Records from a data source:
· · · · · · ·

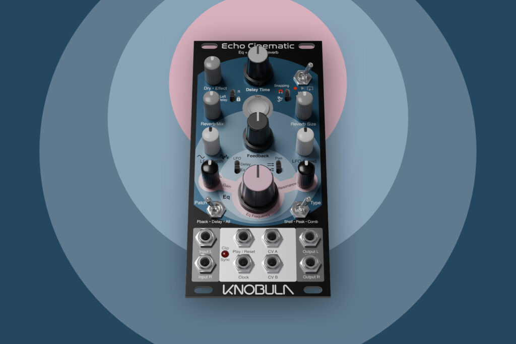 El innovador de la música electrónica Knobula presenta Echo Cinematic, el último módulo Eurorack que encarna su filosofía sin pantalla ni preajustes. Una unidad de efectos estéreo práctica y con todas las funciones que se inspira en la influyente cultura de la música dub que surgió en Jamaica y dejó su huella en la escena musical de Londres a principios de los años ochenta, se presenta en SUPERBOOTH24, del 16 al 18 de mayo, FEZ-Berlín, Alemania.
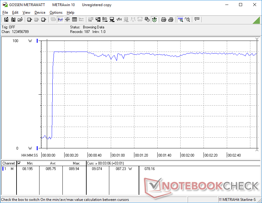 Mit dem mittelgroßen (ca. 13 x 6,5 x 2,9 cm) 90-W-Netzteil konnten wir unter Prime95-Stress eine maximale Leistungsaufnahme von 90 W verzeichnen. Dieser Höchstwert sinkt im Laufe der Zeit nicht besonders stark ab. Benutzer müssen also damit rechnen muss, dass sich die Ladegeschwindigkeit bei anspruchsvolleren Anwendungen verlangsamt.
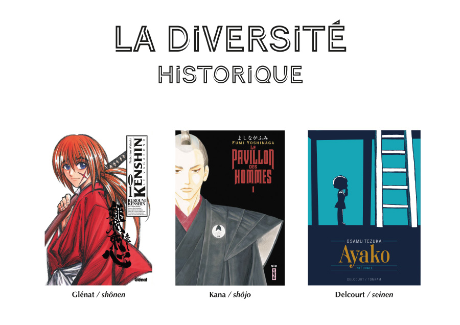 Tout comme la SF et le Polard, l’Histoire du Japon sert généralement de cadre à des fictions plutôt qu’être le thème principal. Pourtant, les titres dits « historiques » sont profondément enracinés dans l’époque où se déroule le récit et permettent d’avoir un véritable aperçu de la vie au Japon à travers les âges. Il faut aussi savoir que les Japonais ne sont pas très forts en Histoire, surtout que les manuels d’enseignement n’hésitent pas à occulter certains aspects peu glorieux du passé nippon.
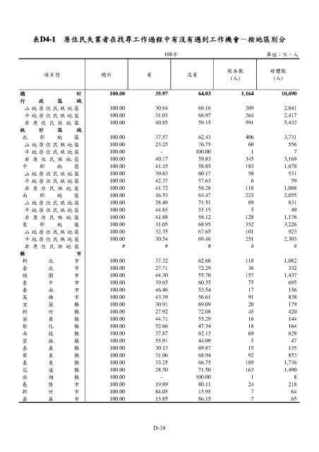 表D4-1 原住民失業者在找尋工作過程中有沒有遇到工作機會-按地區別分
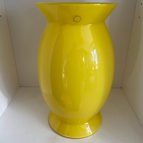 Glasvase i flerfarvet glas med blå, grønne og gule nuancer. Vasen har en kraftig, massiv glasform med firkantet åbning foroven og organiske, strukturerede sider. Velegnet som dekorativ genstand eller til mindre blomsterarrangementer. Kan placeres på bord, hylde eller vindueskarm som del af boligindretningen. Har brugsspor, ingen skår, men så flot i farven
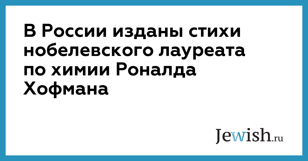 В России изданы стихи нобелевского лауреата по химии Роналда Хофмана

· · · · · · ·

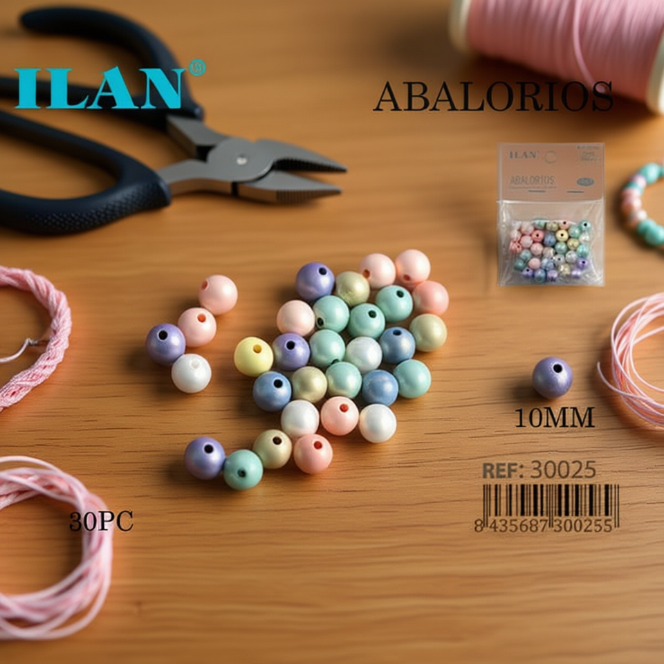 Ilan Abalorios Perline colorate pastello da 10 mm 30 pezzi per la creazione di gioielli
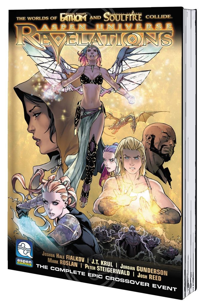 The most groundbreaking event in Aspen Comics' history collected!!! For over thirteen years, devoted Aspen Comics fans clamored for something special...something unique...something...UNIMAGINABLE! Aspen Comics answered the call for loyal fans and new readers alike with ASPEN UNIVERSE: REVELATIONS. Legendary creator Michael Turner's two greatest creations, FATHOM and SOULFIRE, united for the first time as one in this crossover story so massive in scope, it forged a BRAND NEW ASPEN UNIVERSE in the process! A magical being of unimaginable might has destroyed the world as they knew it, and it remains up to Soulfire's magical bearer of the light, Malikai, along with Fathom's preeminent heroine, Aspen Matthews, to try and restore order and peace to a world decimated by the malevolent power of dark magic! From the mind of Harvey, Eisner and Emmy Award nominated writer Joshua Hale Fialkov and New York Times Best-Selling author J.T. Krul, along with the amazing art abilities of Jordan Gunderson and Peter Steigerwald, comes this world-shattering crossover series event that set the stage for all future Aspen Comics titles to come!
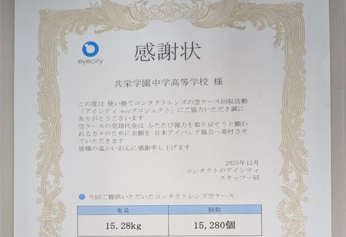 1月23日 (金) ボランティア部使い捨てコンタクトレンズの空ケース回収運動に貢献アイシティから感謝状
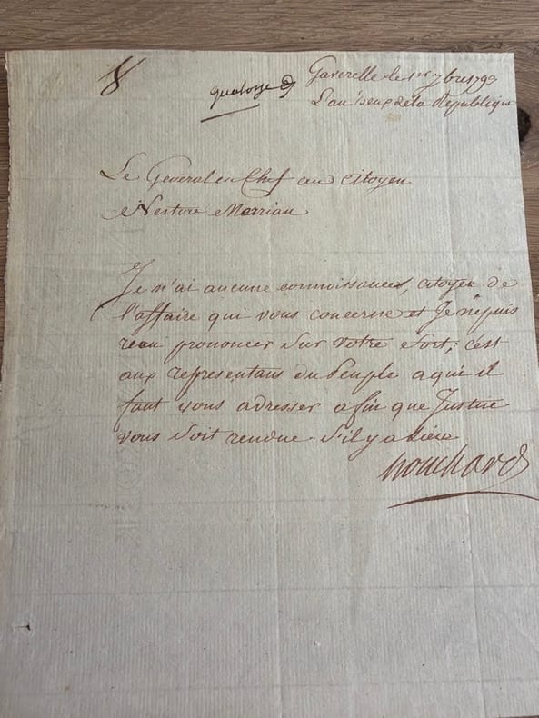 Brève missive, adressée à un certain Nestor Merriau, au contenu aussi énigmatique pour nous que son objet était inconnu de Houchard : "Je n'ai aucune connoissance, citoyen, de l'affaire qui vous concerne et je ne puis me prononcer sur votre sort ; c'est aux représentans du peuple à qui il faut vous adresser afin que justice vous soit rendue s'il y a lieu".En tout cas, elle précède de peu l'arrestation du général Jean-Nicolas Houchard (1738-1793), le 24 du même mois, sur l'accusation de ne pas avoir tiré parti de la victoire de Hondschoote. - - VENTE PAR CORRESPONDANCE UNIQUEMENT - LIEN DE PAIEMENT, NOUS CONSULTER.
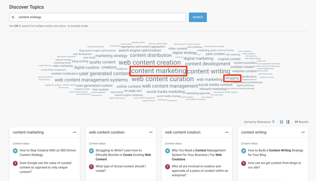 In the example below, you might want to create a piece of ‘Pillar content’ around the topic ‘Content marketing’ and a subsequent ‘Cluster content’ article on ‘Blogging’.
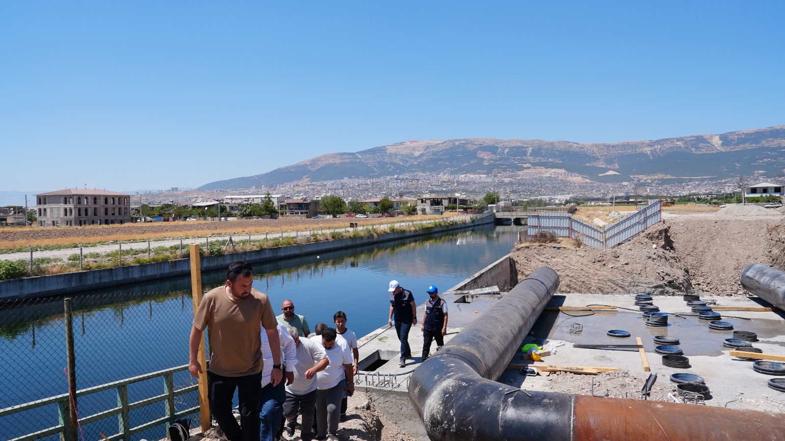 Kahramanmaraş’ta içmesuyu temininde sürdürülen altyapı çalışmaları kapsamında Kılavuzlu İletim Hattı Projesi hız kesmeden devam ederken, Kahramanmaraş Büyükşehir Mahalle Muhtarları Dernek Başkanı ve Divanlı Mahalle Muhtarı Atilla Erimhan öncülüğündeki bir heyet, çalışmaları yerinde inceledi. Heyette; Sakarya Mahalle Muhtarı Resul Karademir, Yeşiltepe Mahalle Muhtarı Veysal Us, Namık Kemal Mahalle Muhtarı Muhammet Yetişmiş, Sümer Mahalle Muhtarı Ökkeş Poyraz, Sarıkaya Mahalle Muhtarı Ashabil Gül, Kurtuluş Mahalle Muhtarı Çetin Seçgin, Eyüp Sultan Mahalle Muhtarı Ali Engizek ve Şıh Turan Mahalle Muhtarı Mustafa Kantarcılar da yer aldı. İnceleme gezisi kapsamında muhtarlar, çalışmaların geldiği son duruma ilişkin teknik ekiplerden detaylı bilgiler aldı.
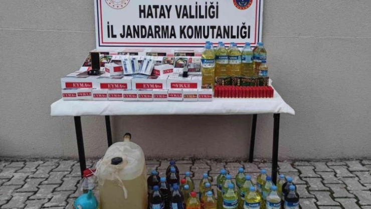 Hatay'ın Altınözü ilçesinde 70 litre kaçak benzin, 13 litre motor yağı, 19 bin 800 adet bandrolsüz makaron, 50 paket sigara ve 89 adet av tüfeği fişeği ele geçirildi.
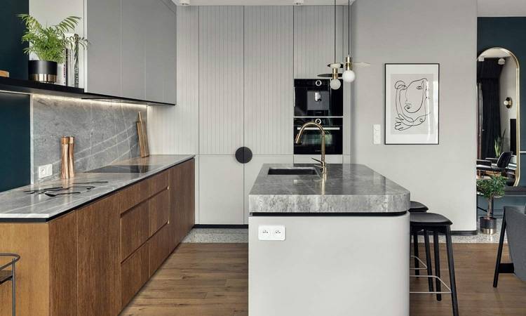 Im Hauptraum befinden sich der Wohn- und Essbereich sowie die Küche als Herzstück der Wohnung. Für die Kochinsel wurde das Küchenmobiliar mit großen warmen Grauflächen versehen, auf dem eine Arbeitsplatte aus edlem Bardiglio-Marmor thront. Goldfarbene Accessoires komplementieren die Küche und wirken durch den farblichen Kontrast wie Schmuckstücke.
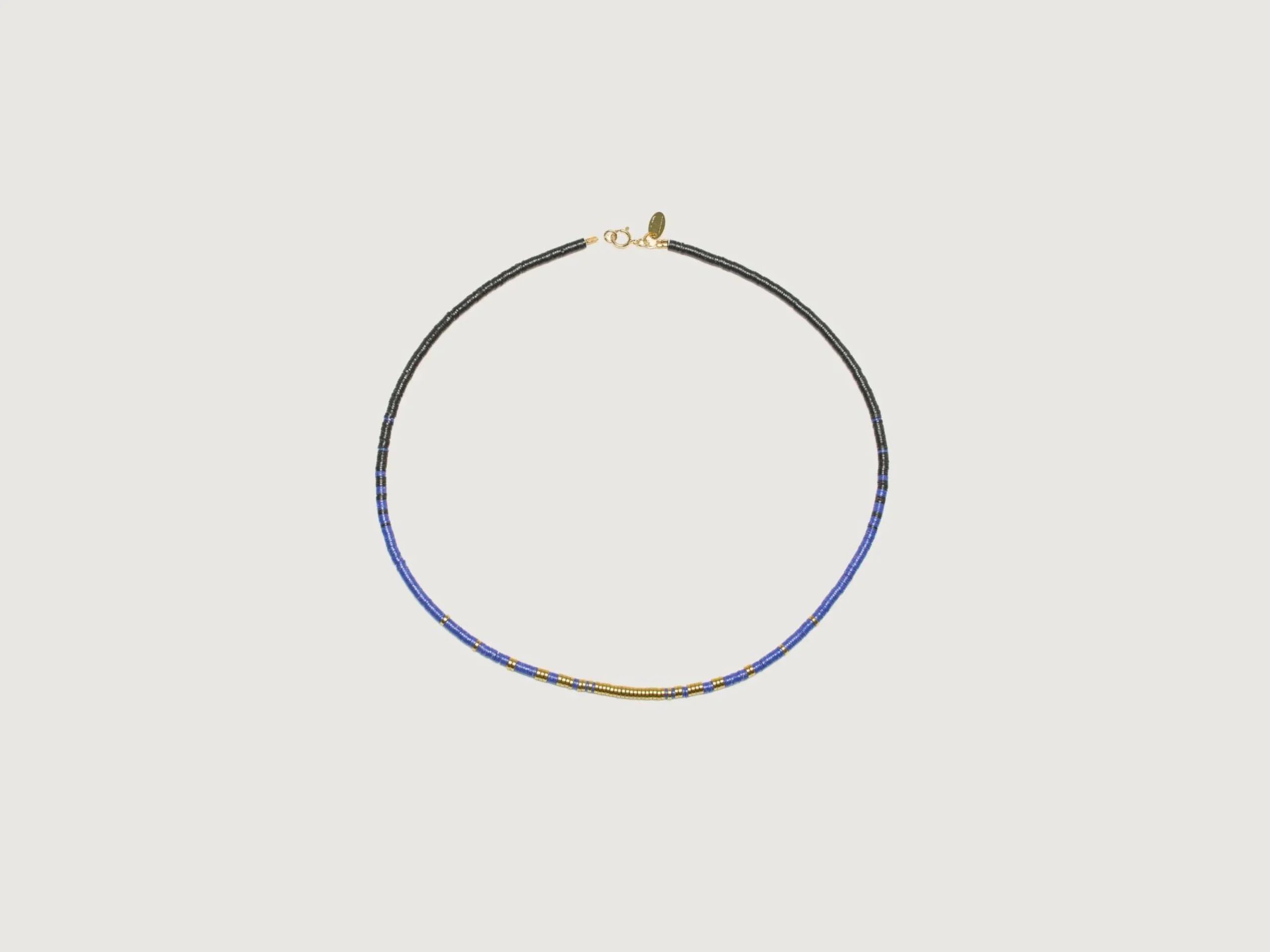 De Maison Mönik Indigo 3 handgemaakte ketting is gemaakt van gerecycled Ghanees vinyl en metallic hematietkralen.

· · · · · · ·

Assigned task:
Nothing but the lines from the one with "El innovador de" to the one with "Mit dem mittelgroßen" above, both included, should be transcribed, exactly and without pictures.

Result:
 El innovador de la música electrónica Knobula presenta Echo Cinematic, el último módulo Eurorack que encarna su filosofía sin pantalla ni preajustes. Una unidad de efectos estéreo práctica y con todas las funciones que se inspira en la influyente cultura de la música dub que surgió en Jamaica y dejó su huella en la escena musical de Londres a principios de los años ochenta, se presenta en SUPERBOOTH24, del 16 al 18 de mayo, FEZ-Berlín, Alemania.
 Mit dem mittelgroßen (ca. 13 x 6,5 x 2,9 cm) 90-W-Netzteil konnten wir unter Prime95-Stress eine maximale Leistungsaufnahme von 90 W verzeichnen. Dieser Höchstwert sinkt im Laufe der Zeit nicht besonders stark ab. Benutzer müssen also damit rechnen muss, dass sich die Ladegeschwindigkeit bei anspruchsvolleren Anwendungen verlangsamt.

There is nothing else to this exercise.